The plaintiff in the Abercrombie case was Samantha Elauf, a practicing Muslim who, consistent with her religious beliefs, wears a headscarf. Elauf applied for a job at an Abercrombie & Fitch store. The assistant manager who interviewed Elauf determined that Elauf was qualified for the job, but was concerned that Elauf’s headscarf would violate the company’s “Look Policy,” which governs employee dress at Abercrombie stores and prohibits employees from wearing “caps.” The assistant manager sought guidance from her district manager, telling him that she believed Elauf wore her headscarf because of her religion. The district manager told the assistant manager that all headwear, including Elauf’s headscarf, violated the “Look Policy” and instructed her not to hire Elauf. The Equal Employment Opportunity Commission (the “EEOC”) sued Abercrombie for religious discrimination on Elauf’s behalf. After the EEOC secured a $20,000 judgment for Elauf, the Tenth Circuit reversed on appeal, holding that an employer cannot be held liable for failing to accommodate a religious practice unless the applicant or employee first provides the employer with “actual knowledge” of her need for an accommodation. The EEOC appealed to the Supreme Court.

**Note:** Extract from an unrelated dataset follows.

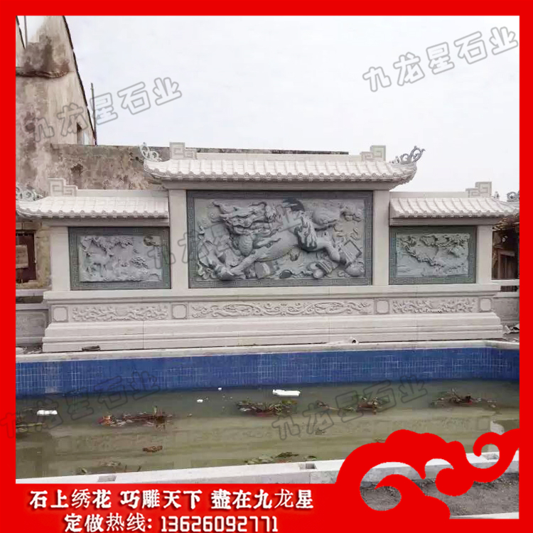石雕照壁(石材雕刻照壁 新中式大理石庭院照壁)——九龍星石業(yè)。

In an 8-1 decision, the Supreme Court reversed the Tenth Circuit. To succeed on a Title VII claim, the Court ruled, an applicant does not have to show that the employer had “actual knowledge” of her need for a religious accommodation. Rather, the applicant only needs to show that an applicant’s need for an accommodation – whether known or only suspected by the employer – was a motivating factor in the employer’s decision. “[T]he rule for failure to accommodate religious practice claims,” the Court wrote, “is straightforward: An employer may not make an applicant’s religious practice, confirmed or otherwise, a factor in employment decisions.” The Court also rejected Abercrombie’s argument that its “Look Policy” is neutral and therefore cannot constitute intentional discrimination. Title VII, the Court reasoned, does not just demand neutrality toward religious practices. Rather, it affords religious practices “favored treatment.” The law affirmatively obligates employers not to discriminate on the basis of an individual’s religious practices, and it requires that employers grant religious accommodations to otherwise neutral workplace policies.

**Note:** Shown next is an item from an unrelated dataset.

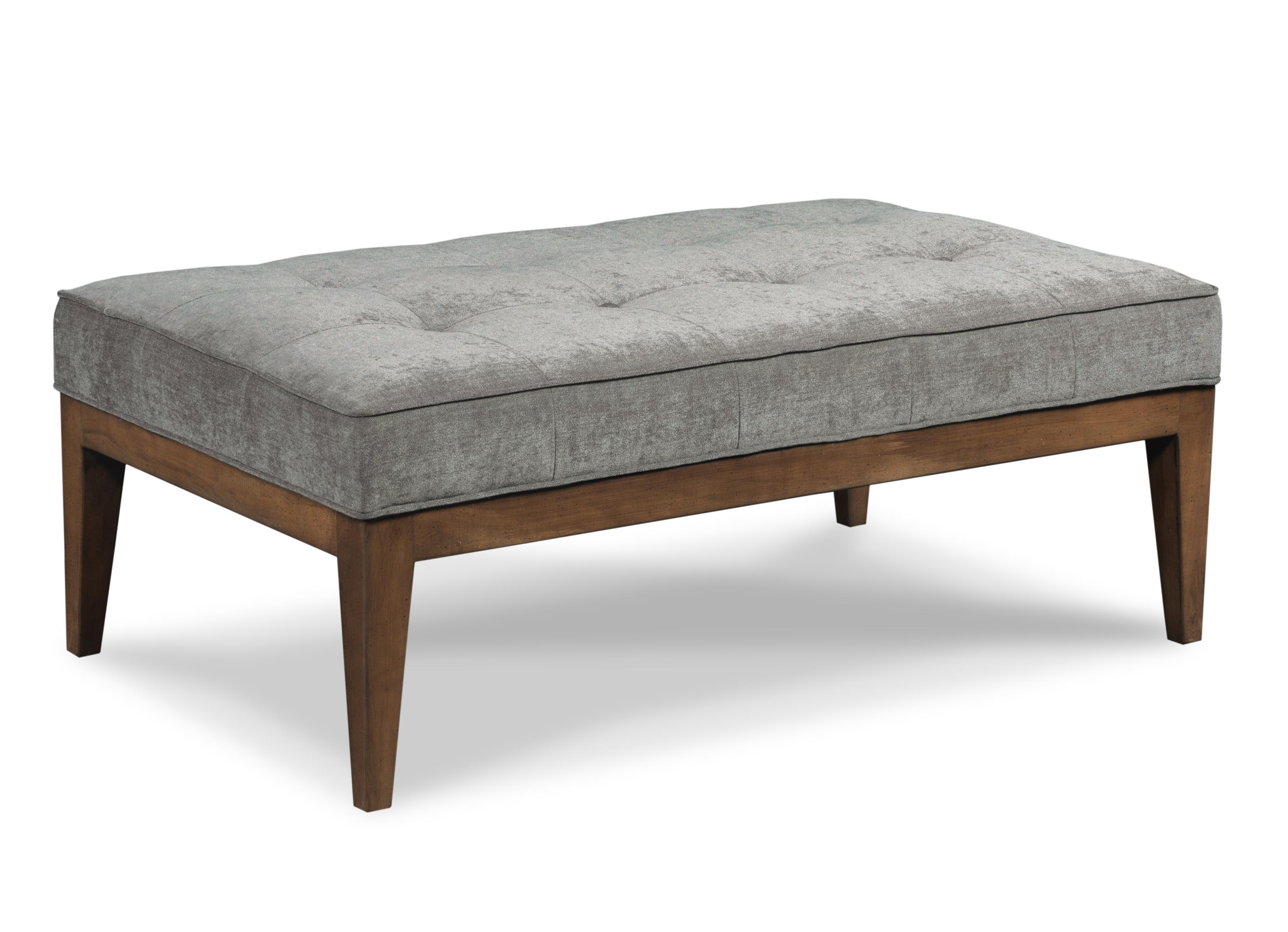 Paquin pouf with wooden frame from an American manufacturer Bradington-Young-style minimalism. The model of rectangular form with cushion upholstered in fabric with a filler of polyurethane foam. The modern design. Colours in stock.

The Abercrombie decision provides important guidance for employers regarding religious accommodations. Employers cannot make employment decisions based on an individual’s religious practice, whether actual or perceived. Nor can employers avoid liability for a discriminatory employment decision simply because an applicant or employee did not formally request an accommodation. Moreover, the decision makes clear that employers must make exceptions to neutrally written employment policies where they conflict with an individual’s religious practices, unless doing so would present an undue hardship.